Мандарин в это время принимает по описи оборудование в караульном помещении — самой крайней комнате барака. Стол, две скамьи, табурет, телефонный аппарат, бак с водой, три кружки алюминиевые, шахматы, лампа керосиновая, два стекла к ней, фонарь, пожарный инвентарь (висит на стене магазина, увидишь), замок от двери караульного помещения, веник, опись предметов под стеклом в раме (в руках держишь, балда)...
Продавщица запирает магазин. Сверхсрочник отряхивается. Дежурный опечатывает дверь. Такой-то пост сдал... Такой-то пост принял...
— Мальчики! — кричит уже с дороги продавщица. — За ящиками приглядывайте. На посылки тащат.
А что отсюда посылать? Золотое оружие им, что ли, выдают? Или они бронетранспортеры по частям продают? Проявим бдительность.

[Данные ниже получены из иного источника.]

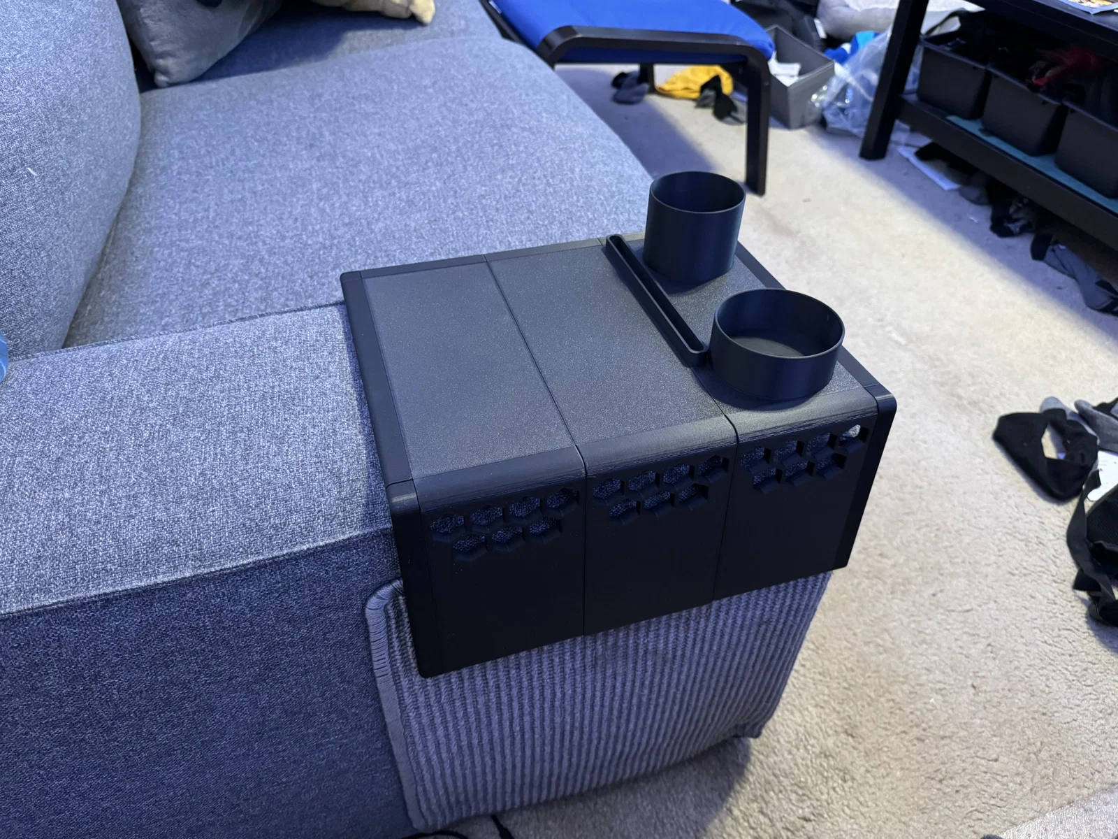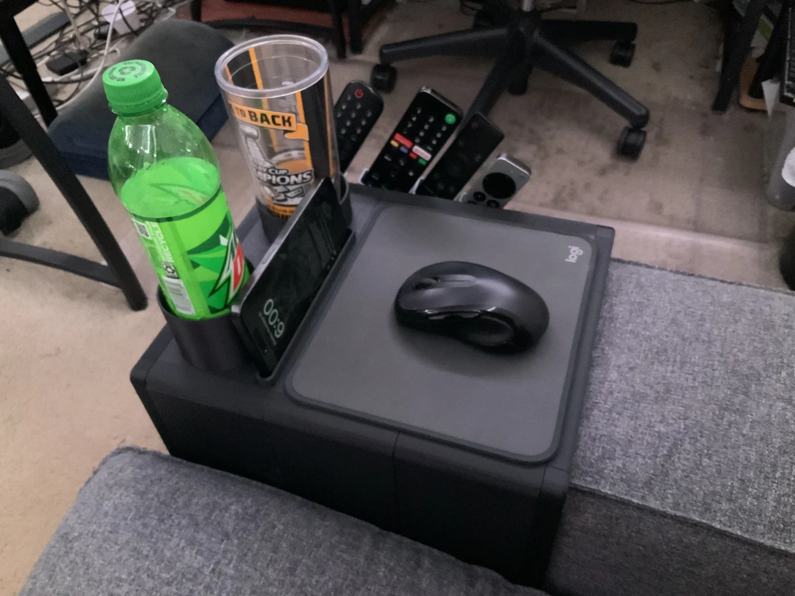 Trong căn hộ của mình, mình có một cái ghế sofa IKEA Kivik. Mình hay ngồi trên ghế dùng PC xuất ra TV lớn. Với lại mình có cả đống remote để lung tung, thỉnh thoảng còn có ly nước nữa. Thành ra vừa thiếu chỗ để đồ vừa bất tiện khi sử dụng. Trước đây mình có để một cái bàn cạnh ghế dạng mỏng ở bên hông, nhưng cũng không giúp được nhiều, mà gần đây nó còn bị bung bể luôn. Mình mới nghĩ hay là tự thiết kế gì đó rồi 3D print ra một giải pháp.

Стоять будете через два часа по два, — говорит Мандарин, когда мы остаемся втроем, — так в Уставе. Кто первый?
— Давай по четыре, — предлагает Грачик, — на два часа ложиться неинтересно.
— Ложиться никто не будет, — чеканит Мандарин, — пост двухсменный.
— А ты, значит, будешь прохлаждаться?
— Стоишь первым, — говорит Мандарин, — не попадись с курением. И за ящиками следи.
— А песни петь можно?
— Я тебе спою!
— Вот дела! — изумляется Грач. — То сами просят, то петь не дают...
Мы с Мандарином сидим в караулке. На улице еще жарко, а у нас прохладно и чуть сыро. Делать нечего, говорить не хочется.
— Давай в шахматы! — предлагает Мандарин.
— Не играю.
Он долго и напряженно думает, потом говорит:
— Тогда давай в шашки!
— Не будь Ноздревым.
— Нет, — не отстает Мандарин, — ты мне объясни! Почему вы с Грачом все время выступаете? Или вы лучше других?
— Кто выступает? Грач доблестно охраняет магазин. Я сейчас буду чесать тебе пятки.
Мандарин весь извивается, чтобы увидеть в открытую дверь Грача. Тот, как ни странно, стоит около крыльца и даже папиросу прячет в кулак. Крыть Мандарину нечем. Ах, как трудно быть командиром! Даже младшим.
2
А солдатом, в общем, ничего, жить можно. Наша летняя стажировка идет к концу. Капитан Останин после смотра любит нас если не как родных детей, то уж никак не меньше, чем племянников. Гречишкин, правда, все еще зверствует на строевой и физической, но и та и другая бывают только по разу в неделю. Полковник Панин все так же истязает нас на учебно-тактических занятиях и растит наше стратегическое мышление у ящика с песком, но делает, он это ровно, без крика и нарядов, и, хотя хвалить нас он не считает нужным, мы чувствуем его спокойную доброжелательность. После того как выпивших засадили на двадцать суток, после истории с «Сюзанной» мы не выпендриваемся. Мы все поняли, и зря Мандарин в чем-то подозревает меня и Грачика. Мы уже привыкли к этой лямке и знаем что тянуть ее все равно нужно.
Девица в белом халатике, который колышется на ней так, словно под ним ничего нет, семенит от столовой по тропинке-диагонали к нашему бараку. Девица, прямо скажем, ничего, по крайней мере издали. Я толкаю задумавшегося Мандарина, он сразу схватывает суть момента, складывает губы бантиком и громко чмокает, подманивает. Но девица — то ли глухая, то ли ей надоели эти глупости — размеренно пересекает наше поле зрения, равномерное прямолинейное движение, как учили в школе, и даже длинная мандариновская шея, которая все тянется и тянется над моим плечом к двери, не в силах угнаться за ним.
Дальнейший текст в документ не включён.